Miss Clarke. Jane listened but could hear nothing of the old
Jane
in it. But what had been the question? How long? And where lay the answer to that?

Knox said, “If I may cast a vote for Miss Clarke remaining in town a long while yet—”

“Ah, but a vote does you no good,” Phinnie said. “Dictatorship rules here.”

And what did
that
mean? Was Jane the dictator? Her father? Or did Phinnie play at politics with that remark, like all the rest of the men around her? And if so, did he mean the Sons of Liberty dictated, or the royal governor? The British officer to Phinnie’s left apparently took it to mean the latter. He swung around.

“Good evening, Colonel,” Phinnie said. “May I present to you Miss Clarke?

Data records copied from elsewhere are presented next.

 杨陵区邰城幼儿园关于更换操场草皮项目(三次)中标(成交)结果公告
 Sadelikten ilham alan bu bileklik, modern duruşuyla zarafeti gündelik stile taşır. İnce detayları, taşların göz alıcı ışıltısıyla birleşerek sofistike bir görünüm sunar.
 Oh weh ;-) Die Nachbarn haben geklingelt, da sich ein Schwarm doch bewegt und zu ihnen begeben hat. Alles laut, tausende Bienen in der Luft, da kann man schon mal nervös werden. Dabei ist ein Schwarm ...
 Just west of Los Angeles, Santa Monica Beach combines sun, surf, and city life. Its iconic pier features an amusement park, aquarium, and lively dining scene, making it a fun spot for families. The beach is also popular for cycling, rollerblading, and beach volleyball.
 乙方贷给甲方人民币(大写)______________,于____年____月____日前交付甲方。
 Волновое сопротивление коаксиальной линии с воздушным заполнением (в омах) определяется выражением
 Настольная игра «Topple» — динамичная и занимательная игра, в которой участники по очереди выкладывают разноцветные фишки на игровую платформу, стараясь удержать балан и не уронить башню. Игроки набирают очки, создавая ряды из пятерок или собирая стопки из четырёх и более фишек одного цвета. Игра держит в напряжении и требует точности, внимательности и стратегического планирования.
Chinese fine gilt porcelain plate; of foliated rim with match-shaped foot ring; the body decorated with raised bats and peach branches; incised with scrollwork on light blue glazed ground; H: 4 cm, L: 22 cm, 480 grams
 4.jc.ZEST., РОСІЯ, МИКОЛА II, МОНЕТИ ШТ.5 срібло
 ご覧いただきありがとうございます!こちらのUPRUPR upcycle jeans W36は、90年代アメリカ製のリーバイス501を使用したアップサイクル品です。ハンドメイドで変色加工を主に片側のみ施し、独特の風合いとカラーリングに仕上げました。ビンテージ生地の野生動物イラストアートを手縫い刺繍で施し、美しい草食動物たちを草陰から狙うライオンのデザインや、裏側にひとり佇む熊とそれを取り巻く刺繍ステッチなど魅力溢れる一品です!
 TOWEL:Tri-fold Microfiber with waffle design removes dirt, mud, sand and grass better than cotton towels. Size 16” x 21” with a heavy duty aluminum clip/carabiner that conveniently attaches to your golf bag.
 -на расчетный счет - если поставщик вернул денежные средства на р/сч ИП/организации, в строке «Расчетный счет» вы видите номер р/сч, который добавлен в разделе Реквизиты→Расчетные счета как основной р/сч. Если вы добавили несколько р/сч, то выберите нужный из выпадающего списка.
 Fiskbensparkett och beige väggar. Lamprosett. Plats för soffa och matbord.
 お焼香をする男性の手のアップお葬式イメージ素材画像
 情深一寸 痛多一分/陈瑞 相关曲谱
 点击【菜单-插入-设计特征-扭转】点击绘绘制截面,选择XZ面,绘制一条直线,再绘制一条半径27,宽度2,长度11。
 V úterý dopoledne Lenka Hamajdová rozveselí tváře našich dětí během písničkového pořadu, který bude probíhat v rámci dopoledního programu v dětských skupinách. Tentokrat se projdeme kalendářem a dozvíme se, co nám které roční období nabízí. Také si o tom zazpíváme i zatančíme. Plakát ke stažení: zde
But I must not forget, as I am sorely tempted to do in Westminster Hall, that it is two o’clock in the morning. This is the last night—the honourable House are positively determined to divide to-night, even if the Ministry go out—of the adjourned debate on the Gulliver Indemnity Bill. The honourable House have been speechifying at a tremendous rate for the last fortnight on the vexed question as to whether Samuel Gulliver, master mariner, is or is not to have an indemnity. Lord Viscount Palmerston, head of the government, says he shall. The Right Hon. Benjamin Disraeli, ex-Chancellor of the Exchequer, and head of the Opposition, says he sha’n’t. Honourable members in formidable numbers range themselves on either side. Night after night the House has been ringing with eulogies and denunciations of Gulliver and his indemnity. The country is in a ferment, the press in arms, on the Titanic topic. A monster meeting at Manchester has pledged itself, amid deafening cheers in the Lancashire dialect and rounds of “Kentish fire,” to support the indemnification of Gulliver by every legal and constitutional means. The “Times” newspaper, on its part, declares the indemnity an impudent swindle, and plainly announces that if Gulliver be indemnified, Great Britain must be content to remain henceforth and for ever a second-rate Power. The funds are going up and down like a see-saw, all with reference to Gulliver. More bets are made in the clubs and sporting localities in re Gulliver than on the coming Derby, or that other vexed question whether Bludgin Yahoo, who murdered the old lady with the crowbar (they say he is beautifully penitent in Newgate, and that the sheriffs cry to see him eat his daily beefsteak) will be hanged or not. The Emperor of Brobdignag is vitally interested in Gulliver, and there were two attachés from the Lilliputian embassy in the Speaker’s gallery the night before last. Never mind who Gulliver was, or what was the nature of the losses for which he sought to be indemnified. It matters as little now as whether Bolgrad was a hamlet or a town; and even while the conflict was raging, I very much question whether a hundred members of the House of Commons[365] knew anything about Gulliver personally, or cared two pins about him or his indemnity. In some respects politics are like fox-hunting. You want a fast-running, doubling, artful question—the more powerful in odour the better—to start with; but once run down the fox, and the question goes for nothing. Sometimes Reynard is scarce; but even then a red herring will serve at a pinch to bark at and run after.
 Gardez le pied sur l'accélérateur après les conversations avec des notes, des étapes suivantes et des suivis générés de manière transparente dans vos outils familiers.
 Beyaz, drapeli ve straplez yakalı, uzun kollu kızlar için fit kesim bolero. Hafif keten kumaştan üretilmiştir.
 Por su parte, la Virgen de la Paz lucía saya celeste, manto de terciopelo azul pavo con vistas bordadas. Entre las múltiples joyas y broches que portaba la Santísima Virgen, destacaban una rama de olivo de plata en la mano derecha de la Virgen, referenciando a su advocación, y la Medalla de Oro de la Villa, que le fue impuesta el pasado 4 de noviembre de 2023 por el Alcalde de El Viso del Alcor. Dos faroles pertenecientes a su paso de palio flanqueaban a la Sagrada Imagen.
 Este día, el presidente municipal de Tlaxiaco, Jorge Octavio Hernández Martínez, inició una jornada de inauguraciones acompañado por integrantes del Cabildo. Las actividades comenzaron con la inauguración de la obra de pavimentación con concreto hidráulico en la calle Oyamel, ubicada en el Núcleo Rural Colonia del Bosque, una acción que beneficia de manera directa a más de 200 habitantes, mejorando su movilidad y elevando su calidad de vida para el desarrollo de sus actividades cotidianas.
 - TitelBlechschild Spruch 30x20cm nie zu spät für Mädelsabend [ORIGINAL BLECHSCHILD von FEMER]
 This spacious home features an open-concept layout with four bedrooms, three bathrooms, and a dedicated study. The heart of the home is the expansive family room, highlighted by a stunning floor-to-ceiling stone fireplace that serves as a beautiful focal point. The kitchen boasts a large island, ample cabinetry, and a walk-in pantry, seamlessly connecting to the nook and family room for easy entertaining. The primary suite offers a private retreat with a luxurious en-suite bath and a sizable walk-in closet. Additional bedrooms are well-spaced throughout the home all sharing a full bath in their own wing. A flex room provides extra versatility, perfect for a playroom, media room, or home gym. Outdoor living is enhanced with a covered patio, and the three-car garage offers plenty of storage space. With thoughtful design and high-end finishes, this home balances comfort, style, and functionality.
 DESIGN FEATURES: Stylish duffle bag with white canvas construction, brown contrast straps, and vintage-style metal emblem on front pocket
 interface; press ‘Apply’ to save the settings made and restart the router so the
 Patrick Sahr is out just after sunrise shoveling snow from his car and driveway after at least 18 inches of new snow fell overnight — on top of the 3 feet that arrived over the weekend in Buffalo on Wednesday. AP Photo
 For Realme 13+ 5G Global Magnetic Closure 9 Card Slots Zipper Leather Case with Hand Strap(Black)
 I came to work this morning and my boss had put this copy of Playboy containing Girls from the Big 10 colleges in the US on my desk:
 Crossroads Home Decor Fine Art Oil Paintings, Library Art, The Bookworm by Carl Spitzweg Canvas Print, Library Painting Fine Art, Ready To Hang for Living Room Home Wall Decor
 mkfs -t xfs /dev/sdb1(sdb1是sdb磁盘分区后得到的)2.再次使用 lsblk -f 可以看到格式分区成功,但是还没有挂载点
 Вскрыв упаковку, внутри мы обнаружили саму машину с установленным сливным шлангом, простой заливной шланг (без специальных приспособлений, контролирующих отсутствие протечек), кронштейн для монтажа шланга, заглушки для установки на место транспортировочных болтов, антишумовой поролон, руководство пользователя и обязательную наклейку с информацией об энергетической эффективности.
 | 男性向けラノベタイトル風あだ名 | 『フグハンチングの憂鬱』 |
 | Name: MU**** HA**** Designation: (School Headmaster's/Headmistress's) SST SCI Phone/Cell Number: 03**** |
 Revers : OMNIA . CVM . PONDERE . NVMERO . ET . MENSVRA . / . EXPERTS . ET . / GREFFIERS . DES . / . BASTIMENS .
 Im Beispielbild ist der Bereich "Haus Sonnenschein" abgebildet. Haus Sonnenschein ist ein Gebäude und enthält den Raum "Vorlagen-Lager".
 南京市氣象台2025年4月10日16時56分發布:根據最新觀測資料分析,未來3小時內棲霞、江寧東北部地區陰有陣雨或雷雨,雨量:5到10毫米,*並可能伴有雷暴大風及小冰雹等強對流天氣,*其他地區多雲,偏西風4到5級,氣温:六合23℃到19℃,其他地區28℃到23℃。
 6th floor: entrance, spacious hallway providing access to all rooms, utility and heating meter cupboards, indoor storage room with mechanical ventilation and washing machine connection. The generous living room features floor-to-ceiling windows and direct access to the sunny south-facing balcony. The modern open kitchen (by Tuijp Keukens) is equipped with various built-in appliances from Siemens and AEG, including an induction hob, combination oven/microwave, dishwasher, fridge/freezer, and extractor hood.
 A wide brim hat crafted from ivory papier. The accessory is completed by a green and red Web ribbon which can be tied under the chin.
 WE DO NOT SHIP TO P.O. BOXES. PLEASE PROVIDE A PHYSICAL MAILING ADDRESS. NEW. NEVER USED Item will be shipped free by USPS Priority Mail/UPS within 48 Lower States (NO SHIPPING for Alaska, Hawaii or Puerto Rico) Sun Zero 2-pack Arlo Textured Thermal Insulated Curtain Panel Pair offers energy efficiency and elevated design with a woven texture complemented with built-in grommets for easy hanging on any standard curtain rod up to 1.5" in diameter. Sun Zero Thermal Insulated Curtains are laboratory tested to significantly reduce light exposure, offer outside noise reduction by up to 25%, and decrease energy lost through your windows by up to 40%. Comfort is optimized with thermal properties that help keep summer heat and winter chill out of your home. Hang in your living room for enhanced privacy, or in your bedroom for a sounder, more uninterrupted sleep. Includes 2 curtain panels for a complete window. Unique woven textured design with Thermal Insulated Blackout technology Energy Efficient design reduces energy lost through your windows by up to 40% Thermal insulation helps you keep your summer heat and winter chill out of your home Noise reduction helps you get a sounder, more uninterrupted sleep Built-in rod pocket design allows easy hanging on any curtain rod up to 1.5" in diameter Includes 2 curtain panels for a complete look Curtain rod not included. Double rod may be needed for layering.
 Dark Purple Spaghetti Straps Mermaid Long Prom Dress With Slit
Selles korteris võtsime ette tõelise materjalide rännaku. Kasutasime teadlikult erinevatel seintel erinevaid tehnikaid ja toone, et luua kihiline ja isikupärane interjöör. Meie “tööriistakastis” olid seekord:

Miss Clarke, you may wish to remember this name—Colonel Dalrymple, the man in charge of keeping the peace in your streets.” The colonel made his bow to Jane. Jane looked at Phinnie but still could not determine if he spoke to flatter or goad. But what did it matter? Already he was moving on. “If you would excuse me,” he said, “I’ve had a long day and must here say good night.” He bowed again to Jane. Jane didn’t trouble with a second Satucket curtsey, as he’d already turned his back.

The night continued on. There was more talk—hours of it. The delights of the play had to be discussed, and the newfound beauty of the nonimported homespun, and the health of everyone’s relations. Jane was seldom required to join in with more than the usual smile or the usual small answer, but she answered and smiled until her lips had stretched so tight she could scarcely get them over her teeth.

Finally they were paying their duty to the Rowes and making their exit. Astonishingly, Knox still possessed life enough to chat at her all the way home, but Jane’s answers were short and dull and dropped like stones. At Aunt Gill’s door Knox said, “Well, Miss Clarke, here we are, and here, I believe, I’d best say good night. I wish I felt sure of giving you some pleasure this evening, but I’m in some doubt of it.”

“No! Oh, no! I enjoyed myself immensely. Or rather I should have; ’tis no fault of yours that I did not.”

“Now there’s a compliment I shall carry to my death. Pray then, where lay the fault?”

Jane made no answer.

Knox’s large voice dropped a key. “Do I understand you and Mr. Paine were acquainted at Satucket?”

“Mr. Paine and I were acquainted, yes.” And in the words Jane heard the whole of it summed up, ended. One did not contemplate marriage to an acquaintance. She turned to Knox. “My father once attempted to push us together,” she said. “I must therefore take care when we meet not to frighten Mr. Paine excessively. I find it . . . wearing.”